Comforting the Depressed - You're Not a Professional
This is part of a series and I would recommend starting from the beginning if you have not done so already. You can find all the posts in the series under the tag "Comforting the Depressed".
Don't try to replace one, and don't let yourself bear the burden of one.
There's a reason that this is #4 and not #1 on the list. Because coming straight off the bat with "go see a therapist" or "have you tried medication?" is neither listening nor validating.
BUT. You are not a professional. You are not trained to deal with what has been studied as the phenomena of clinical depression -more than just catching glimpses as you go through life. Even those -such as myself, who has been through much more exposure than the average person- cannot and should not view themselves (knowingly or unknowingly) as being wise enough to know the most effective way of delivering help, or what the most effect help to be delivered is.
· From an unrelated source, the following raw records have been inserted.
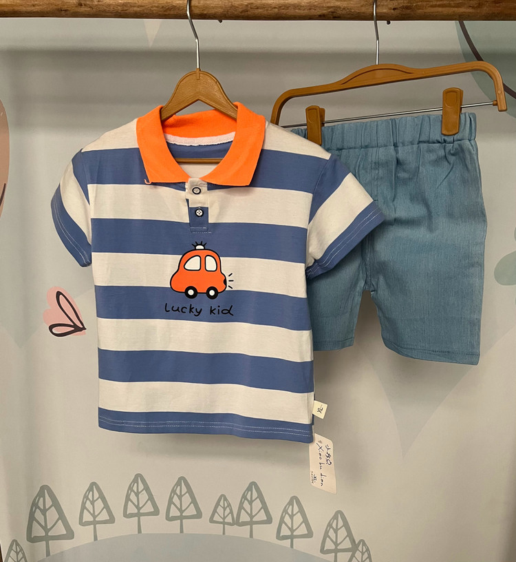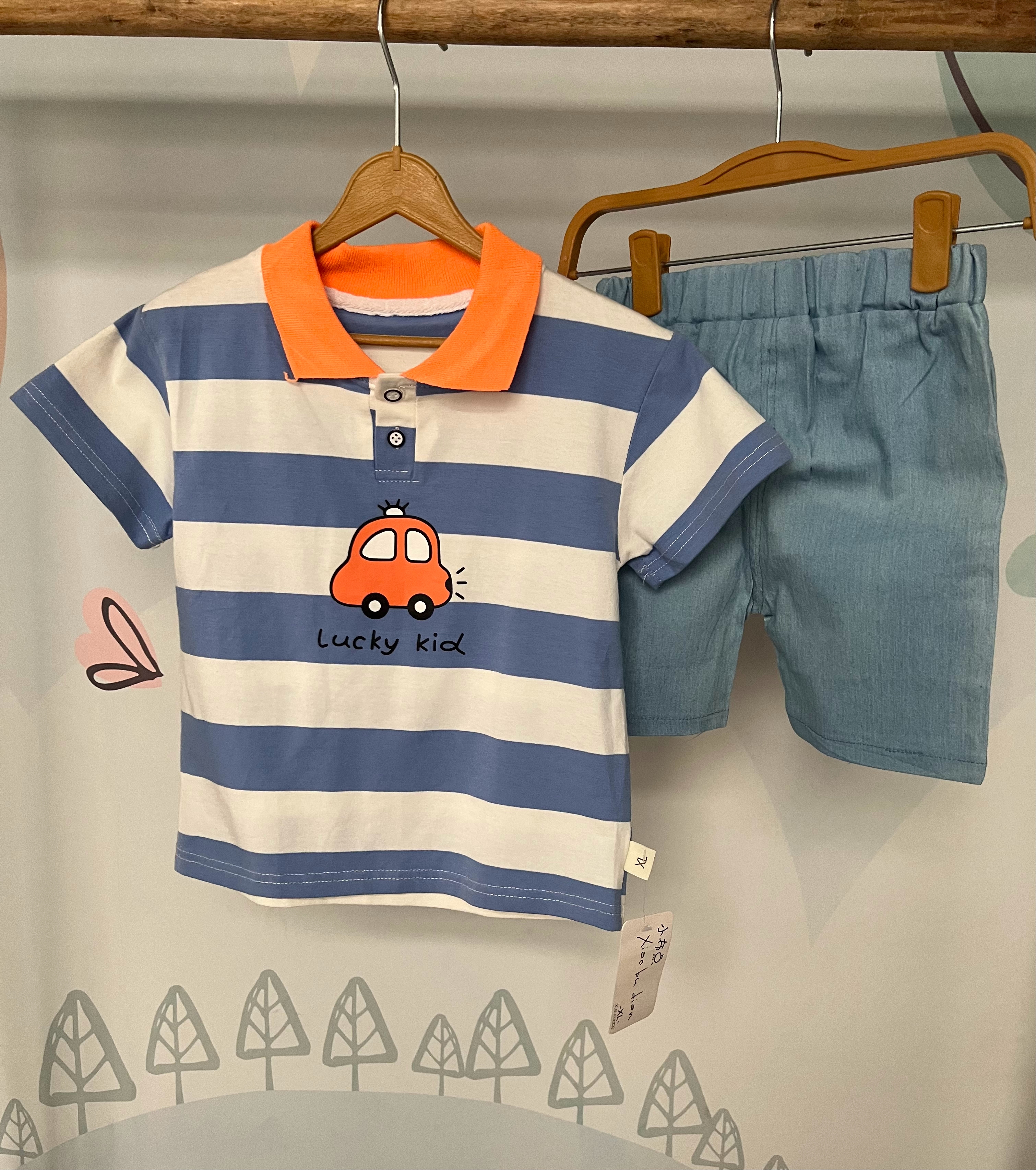 تیشرت یقه دار و شلوارک بچگانه پسرانه طرح ماشین وارداتی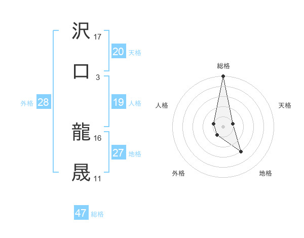 沢口 龍晟さんの総格は47画の5点!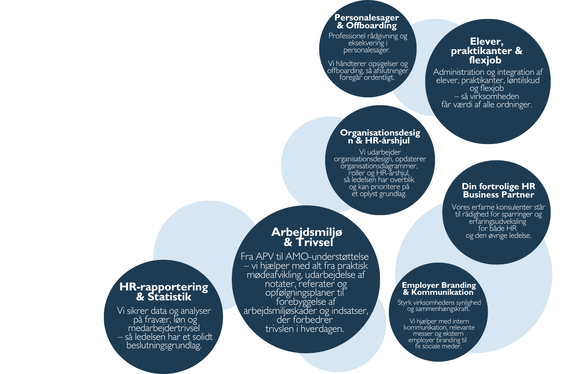 Ferieplanlægning, restferie, rådgivning i ferieloven, barselsplaner, sygefraværsassistance og refusionsansøgninger.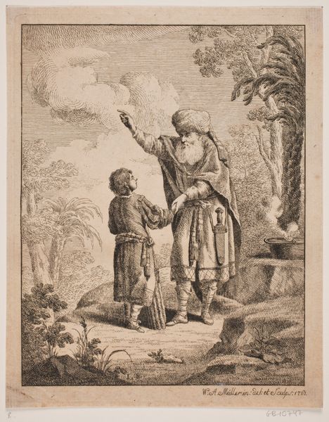 Editor: Here we see "The Chimney-Sweep" by Jacques Dumont. It's a print, and the figures are really striking. The textures in their clothing are quite detailed. What story do you think this image is trying to tell? Curator: Dumont presents us with a raw depiction of labor and childhood in the 18th century. Consider the social dynamics at play: the child's labor supporting the family unit, the mother's burden, perhaps the absence of the father. The print itself is an act of social commentary, made accessible through its medium. Who was this print intended for? Editor: So it's bringing awareness of societal issues to a wider audience. I hadn’t considered the print's accessibility. Curator: Precisely. The distribution of prints like these contributed to a growing public consciousness and dialogue around social inequalities of the era. Editor: That's a new way to view this piece and others like it. I'll consider this social commentary more deeply moving forward.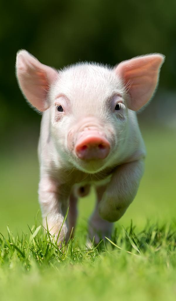 Wallpaper Little pink pig running through green grass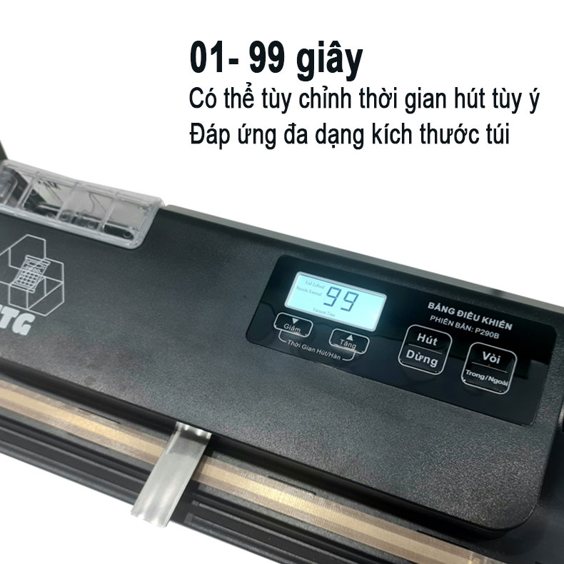 Máy hút chân không không kén túi, thiết kế thông minh tự động, sử dụng với các loại túi nhựa hút chân không trơn, dễ dàng mua túi phổ biến trên thị trường. Máy hút chân không ShineYe HTG P290B được tích hợp tính năng thiết lập thời gian, tự động hoàn toàn, giúp người dùng tiện lợi hơn trong việc đóng gói thực phẩm chân không với kích thước túi đóng, bao bì cố định mà không cần căn chỉnh thời gian hút. Sở hữu 13 nấc hàn miệng túi, đáp ứng đa dạng các loại túi khác nhau phổ biến trên thị trường. Vừa tiết kiệm chi phí mua túi, chi phí sử dụng - vừa tiện lợi hơn cho quá trình sử dụng máy với phiên bản P290B không kén túi Bảng điều khiển Tiếng Việt dễ dàng sử dụng   Các tính năng đáng lưu ý của máy hút chân không P290B Khi bạn có nhu cầu mua một chiếc máy hút chân không, bạn phải biết và hiểu về các tính năng của sản phẩm. Những ưu và nhược điểm của chiếc máy hút chân không P290B có điểm gì ưu việt hơn những chiếc máy đời cũ. Chắc chắn là bạn đang thắc mắc và cần tìm hiểu để có lời giải đáp riêng cho mình.

It's something that I must remind myself of constantly when offering support to others with depression: I must accept my role as a peer despite how much I believe (often rightly) have "learned".
In essence, there are two parts; (1) don't let yourself be caught up in the trap that what worked for you works for all, and (2) acknowledge that deferring to others who have more wisdom or experience or training is actually the best form of support you can do for the other person's long-term well-being. You can offer personal support as a peer but if you see someone heading down a dark path, gently suggesting (or sometimes, with tough love, "suggesting") that seeing a therapist or psychiatrist might be a course of action (or if they're in crisis, calling a hot line or going to a hospital).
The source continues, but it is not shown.